Pleased David is making progress slaphead, I understand the importance of being a registered organ donor and have signed up for this many years ago.


----------



## cater_racer (May 1, 2005)

Good point Slaphead,

You can register online at:

http://www.uktransplant.org.uk/ukt/how_to_become_a_donor/registration/consent.jsp

I race cars and always have my Donor card with me at sign-on, (I'm more likely to be donor than some)

But online sign-up is better, in the event of a tragedy it can bring hope to someone else.


----------



## slaphead (May 14, 2005)

*donating*

cheers :wink:


----------



## Suenliam (Mar 22, 2006)

Good point. I've just registered following the link in your post cater_racer and it couldn't be easier  

Lets hope it's a long time before my bits are available, but you never know.

Sue


----------



## MyGalSal (Dec 8, 2008)

Hi Slaphead

We registered years ago but have long since lost the cards so have just re-registered on line.
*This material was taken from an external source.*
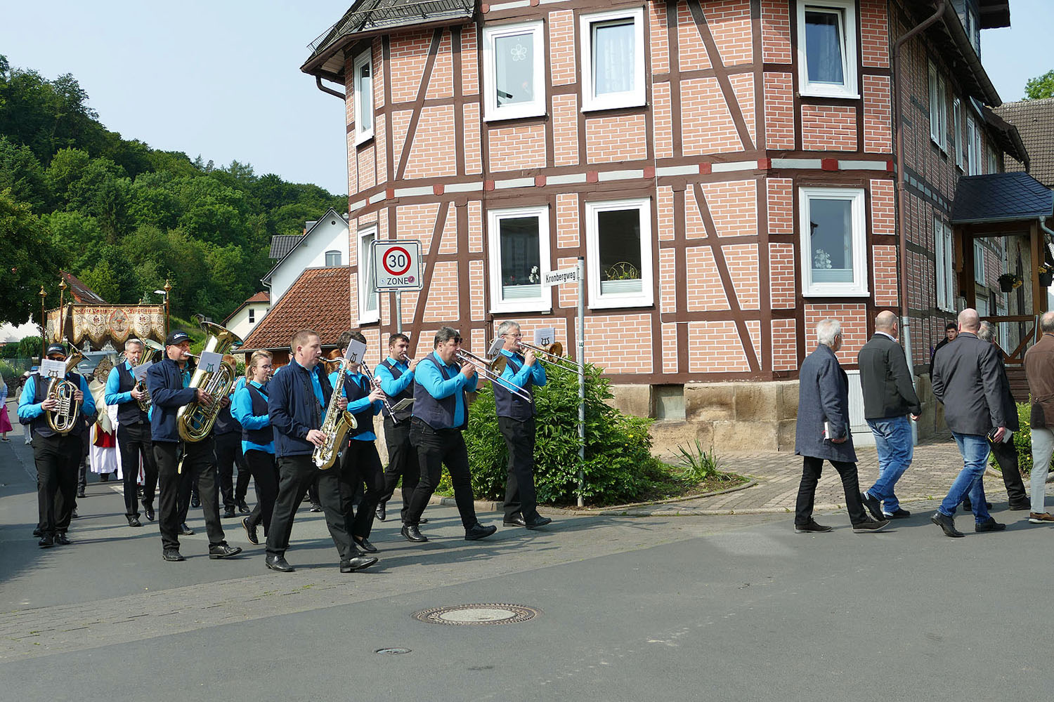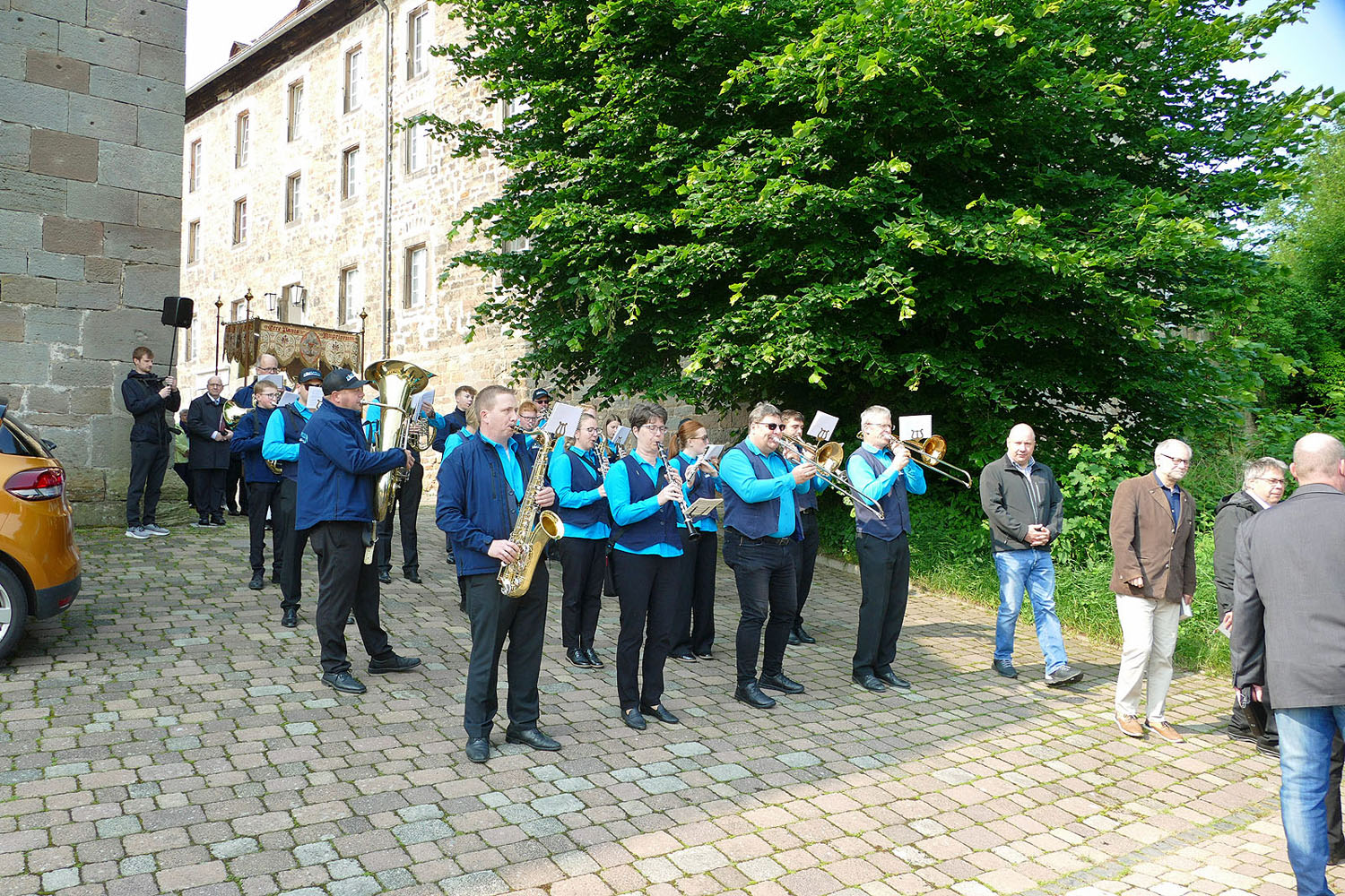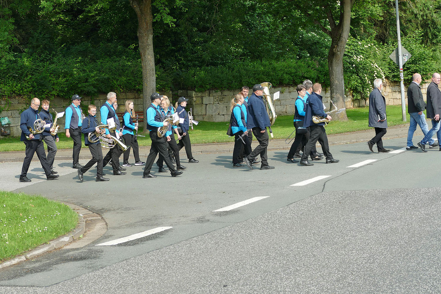 Die Naumburger Stadtkapelle mit ihrem Jugendorchester begleitete die Pfingstprozession musikalisch.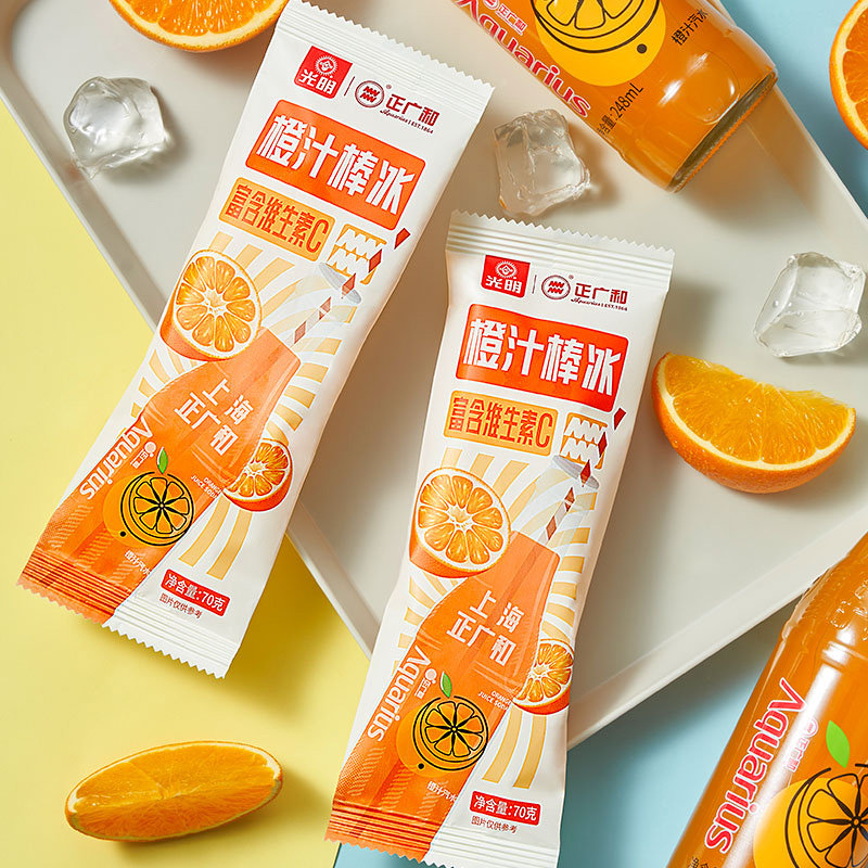 光明×正广和橙汁汽水棒冰橙味冰淇淋童年棒冰冷饮雪糕批发70g/支

Good idea to encourage folk to register. You are doing a good job. 

Enjoy your trip.

Sal


----------



## 100701 (Aug 25, 2006)

Just done it, very easy


----------



## dilly (Jan 19, 2007)

Thanks to everybody who has signed up , I speak from experience having had a kidney transplant back in March 06 after being on Dialysis for three years, dialysing four times a day, so i know about the shortage of donors and I will be forever grateful to my donor and his family for this gift.
The average time a cadava kidney transplant lasts is 10 to 14 years so I will be needing another one, so please get registered just in case  

Ian.


----------



## slaphead (May 14, 2005)

*transplant trust....you're never too old to save a life*

remember you lovely people, there is no age limit up or down to donating..many organs come from donors in their 60's and 70's.pass the word, and many thanks.slaphead (nick)www.uktransplant.org.uk register today.


----------



## geraldandannie (Jun 4, 2006)

Hi Nick

I'm so pleased David is making a good recovery. I've carried an 'everything' donor card around with me for many years. If someone can make use of something of mine when I clearly don't need it, they're more than welcome.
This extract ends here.